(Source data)
════════════════════

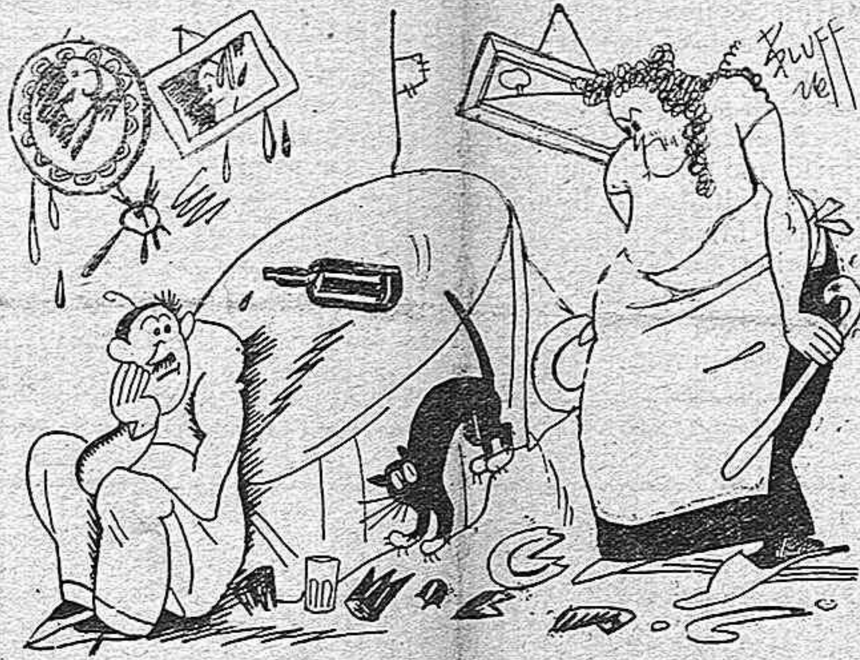
—Y me contento con esto, porque fué al carroussell donde subiste con las vecinitas, que si llega a ser a la Casa de los Locos o al Chicote, tienes tú locura y yo chicote pa una temporá
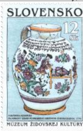
xx) Džbán habánskej keramiky z r. 1776

1999 23. 11. * Múzeum židovskej kultúry na Slovensku * príležitostné známky, slovensko-izraelské vydanie* GÚ+RR: M. Činovský, R: F. Horniak (196), R. Cigánik (197, ozdobná kresba) * OF+OTp PTC * PL: 8 ZP, TF: OF 2 PL, OTp 1 PL pre obidve farby * papier -oz- * RZ 11 3/4 : 11 1/2 * PVSP 99/23/2-283, SM 00/1/14 * FDC GÚ: M. Činovský, R: A. Feke OTp PTC
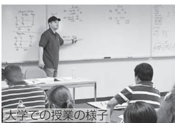
大学での授業の様子

詳しくは、 チラシ (各地区まちづくりセンターで配布)または 市ウェブサイト をご覧ください。
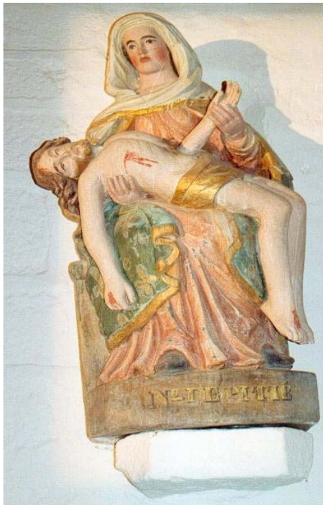
Statue en bois polychrome PIÉTA

Dès l'accident, le général de la paroisse se réunit et décida de prélever 300 livres dans la cassette de la chapelle de Kerbader " pour être employées à faire un sanctuaire en l'église de Fouesnant." Ceci montre que les revenus de la chapelle de Kerbader n'étaient pas négligeables, mais également, ce lourd prélèvement n'a-t-il pas retardé de quelques années les travaux de reconstruction ?
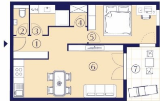
TYP 1 2 Zimmer – 48-56 m 2
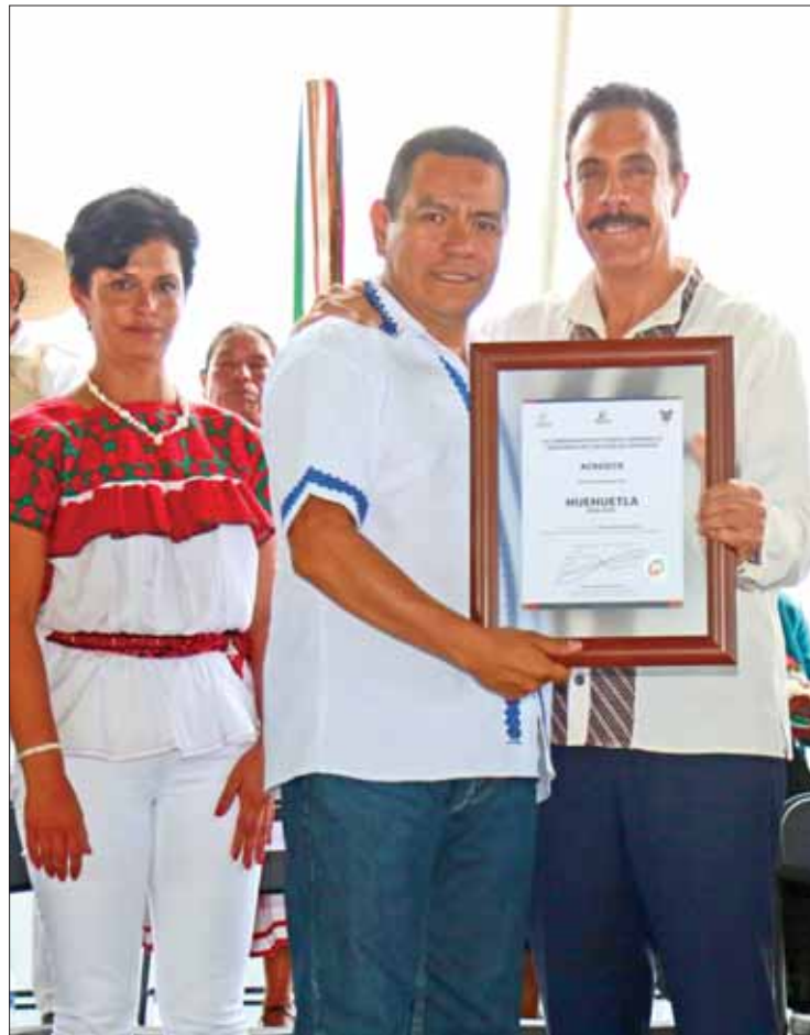
EN ACAXOCHITLÁN. Conmemora Omar Fayad el Día Internacional de los Pueblos Indígenas, con la entrega de apoyos.

"Hace Hidalgo un esfuerzo y por eso entregamos aquí los cer-
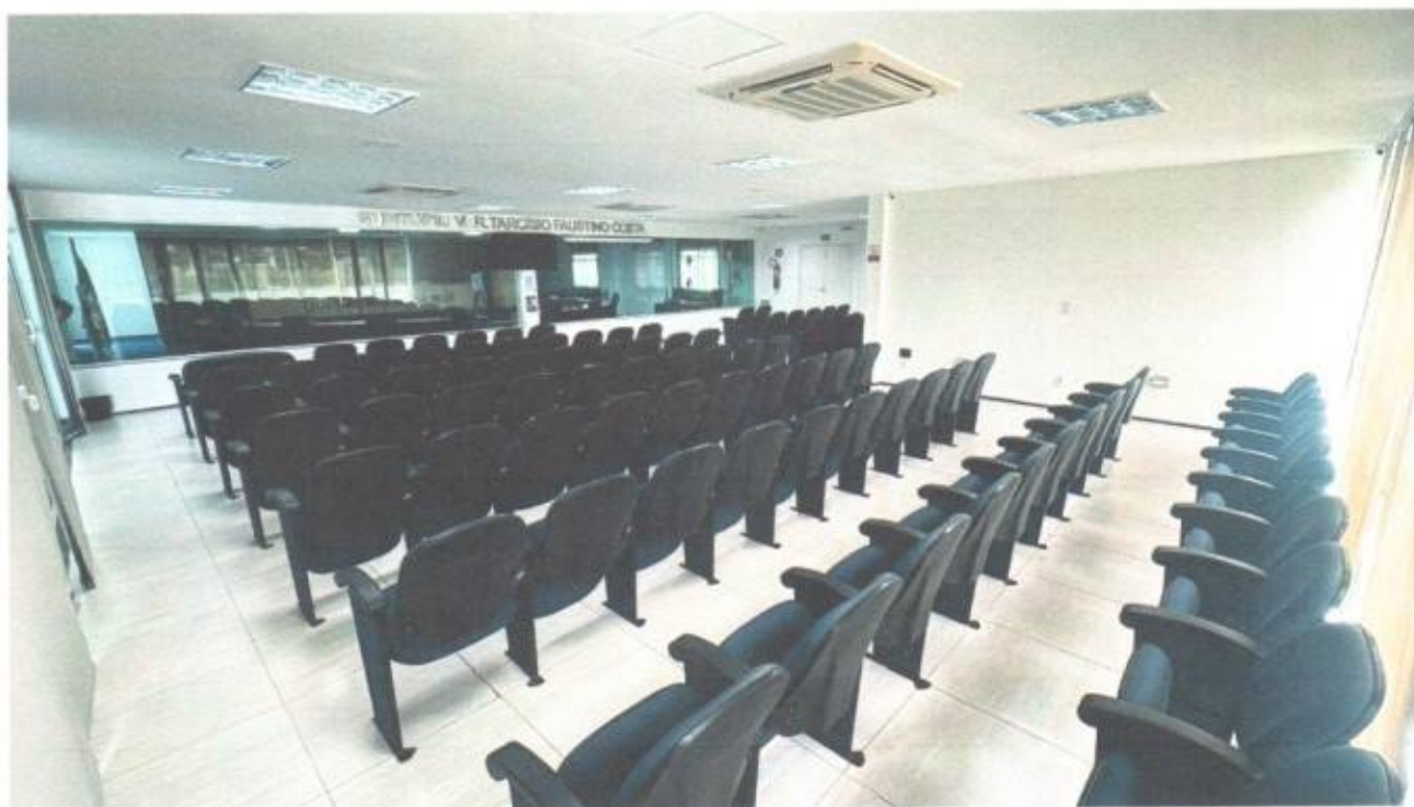
Vista do auditório do prédio da Câmara Municipal de São Gonçalo do Amarante-CE
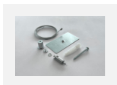
145-50303, N lankový závěs na spoj 2000mm-1 ks + kovový úchyt
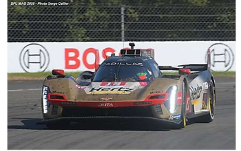
4 – Deletraz / Stevens / Nato Cadillac V-Series R # 12 Cadillac Hertz Team Jota 381 tours
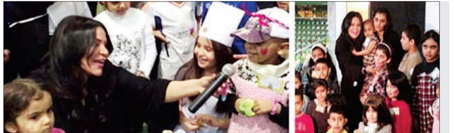
أحلام مع أطفال مرضى السرطان وجمعية قرية سند

انقذت العناية الإلهية النجمة العراقية مريم حسين من الموت بعد تعرضها لحادث سير أسفر عن تضرر سيارتها بشكل كبير. الحادث، بدأ بملاحقة بعض المعجبين للفنانة الشابة بسيارتهم فور مشاهدتهم لها داخل سيارتها، لرغبتهم في التصوير معها، ولما حاولت مريم الابتعاد عنهم لاحقوها بشكل
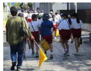
(社会・総合・9, 10月) 校外学習の付き添い・見守り
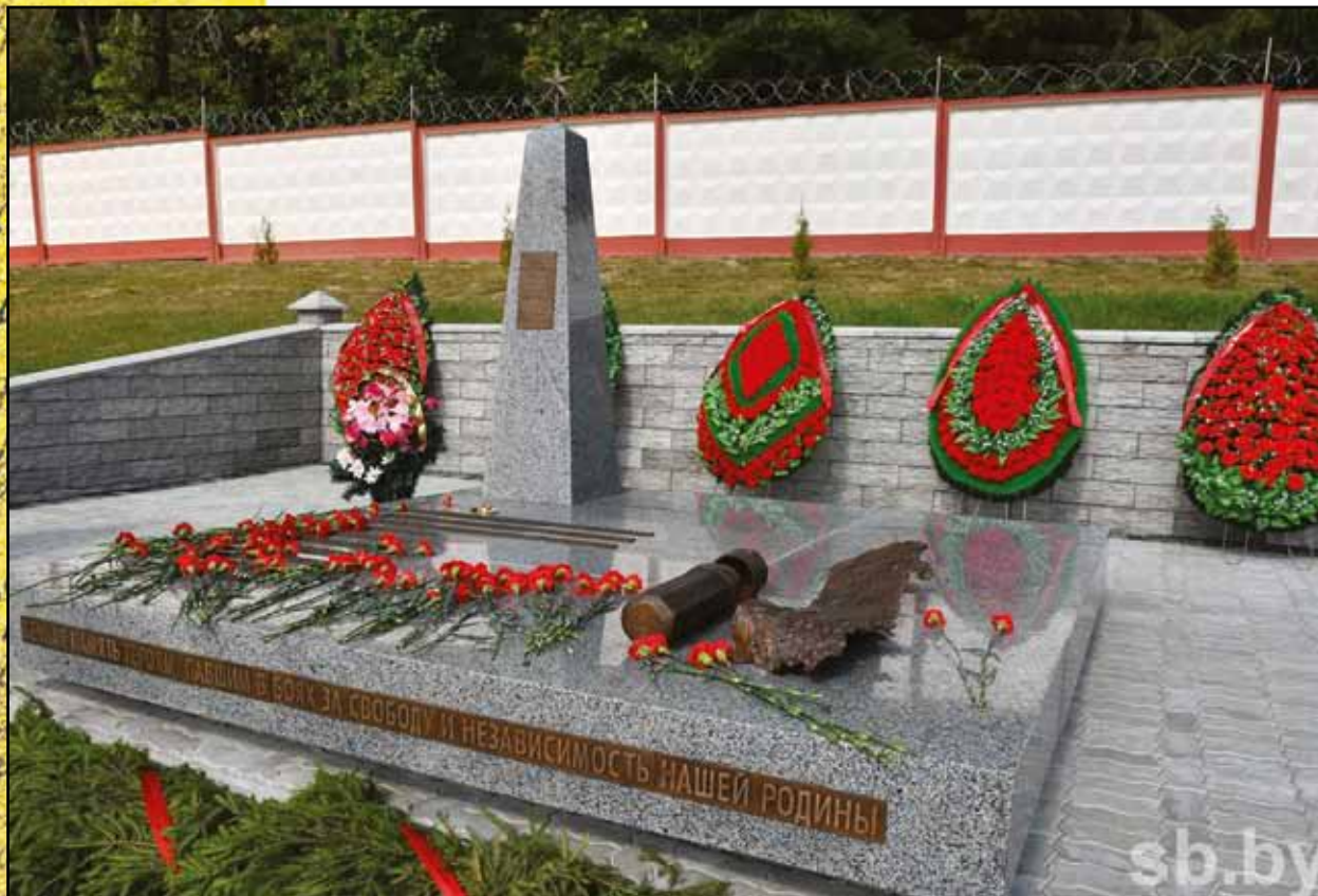
2019 г.

«Черный капсул медальона — шанс вновь оказаться дома...»
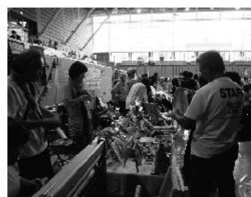
福祉ふれあいフェスタ
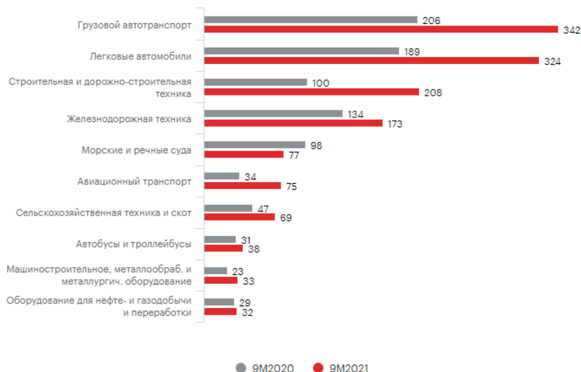
Рис. 3 – ТОП-10 сегментов лизинга в новом бизнесе

В сегменте железнодорожной техники также наблюдалась тенденция на увеличение. Объем бизнеса в сегменте строительной техники вырос на 107%. Данный рост во многом обусловлен вводимыми мерами государственной поддержки по выдаче субсидий субъектам лизинга на приобретение специальной строительной техники и оборудования. Также на рост было оказало влияние за счет реализации крупных проектов в сфере инфраструктуры. Наиболее масштабные по объемам нового бизнеса за 9 месяцев 2021 года сегменты рынка лизинга представлены на рис. 3 [6].
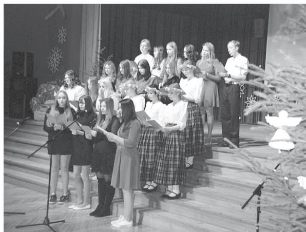
Arī Cesvaines vidusskolā izdevās izjust Ziemassvētku noskaņu – svētku tuvošanās jaušama skolēnu un pedagogu izspēlētājās eņģēs
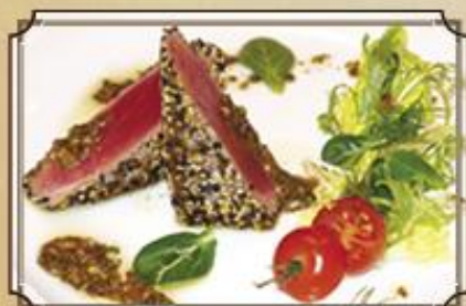
Стейк из тунца ..... 490 с обжаренным кунжутом и соусом Винегрет 200 г.
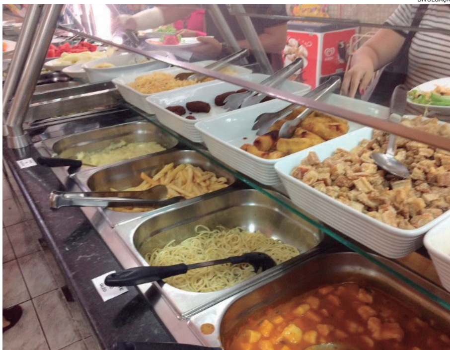
PROJETO visa manter estes estabelecimentos funcionando durante a pandemia

Devido ao impacto econômico gerado às pequenas empresas desde o início da pandemia, muitos empresários deste e de outros seguimentos, encerraram suas atividades e alguns estão à
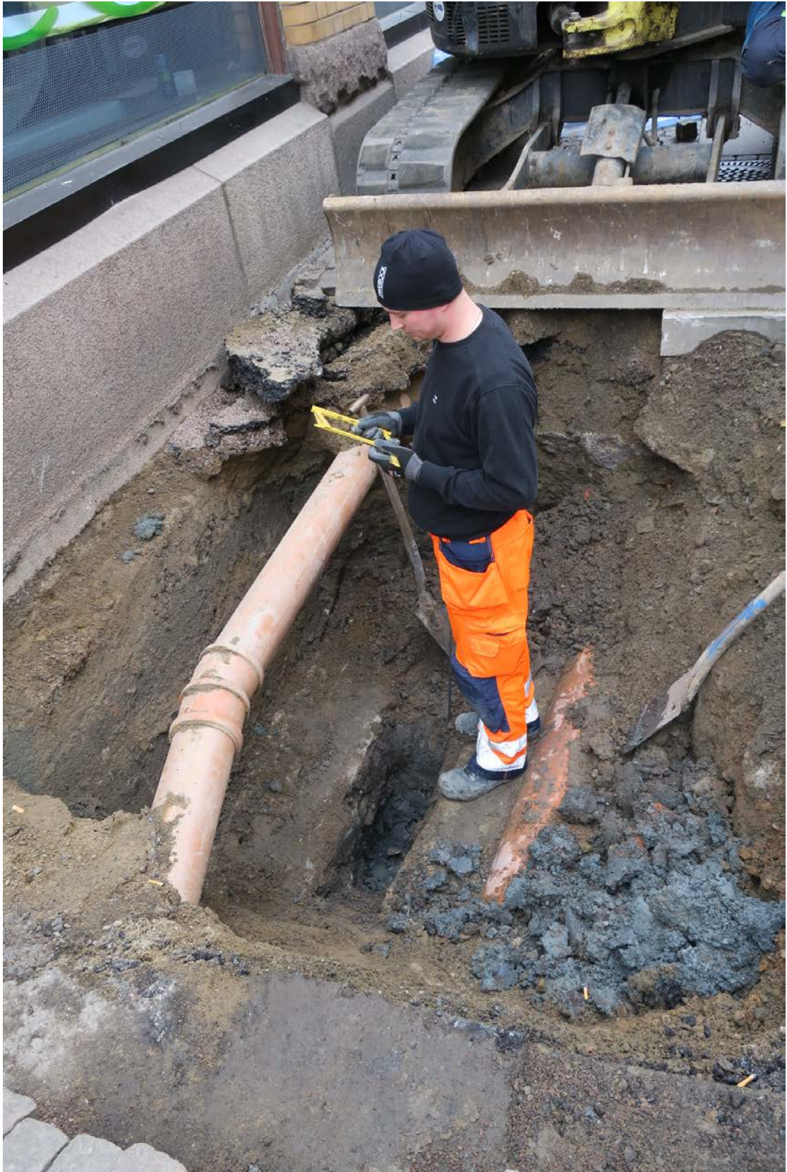
Figur 5. I schaktet fanns endast recenta fyllnadsmassor samt rör för dagvatten och fjärrvärme. En betongklack i botten av schaktet forcerades och under denna framkom omrörd lera och en träpåle. Enstaka föremål av 1700-1800-tals karaktär hittades i omrörda lager närmast husväggen. Dessa omhändertogs inte. Materialet tolkas komma från omflyttade kulturlager.
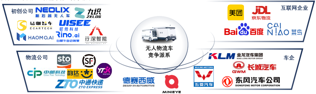
图表2: 中国无人物流车行业竞争派系
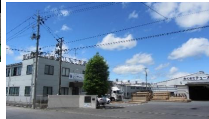
〈事務棟・工場外観〉

※ サイディングには、金属以外の原材料（セメントやガラスなど）を使うものがあり、これを「窯業系サイディング」と言います。
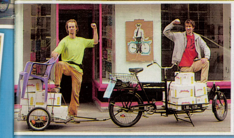
Drei junge Wiener Radfreunde fanden in ihrem Hobby eine Geschäftsidee
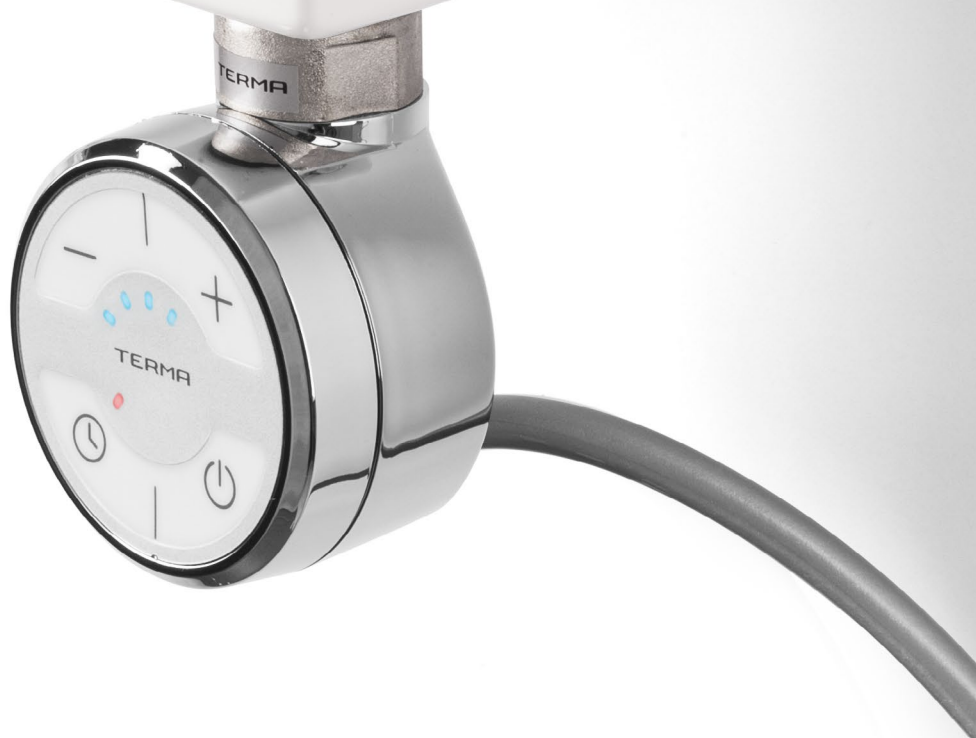
fot. kolor: chrom; kabel: prosty

════════════════════

* Your objective: This exercise asks for an exact copy of the lines from the first one in the data through the line that contains "xx) Džbán habánskej keramiky z r. 1776", pictures excluded.

* Response below:
—Y me contento con esto, porque fué al carroussell donde subiste con las vecinitas, que si llega a ser a la Casa de los Locos o al Chicote, tienes tú locura y yo chicote pa una temporá
xx) Džbán habánskej keramiky z r. 1776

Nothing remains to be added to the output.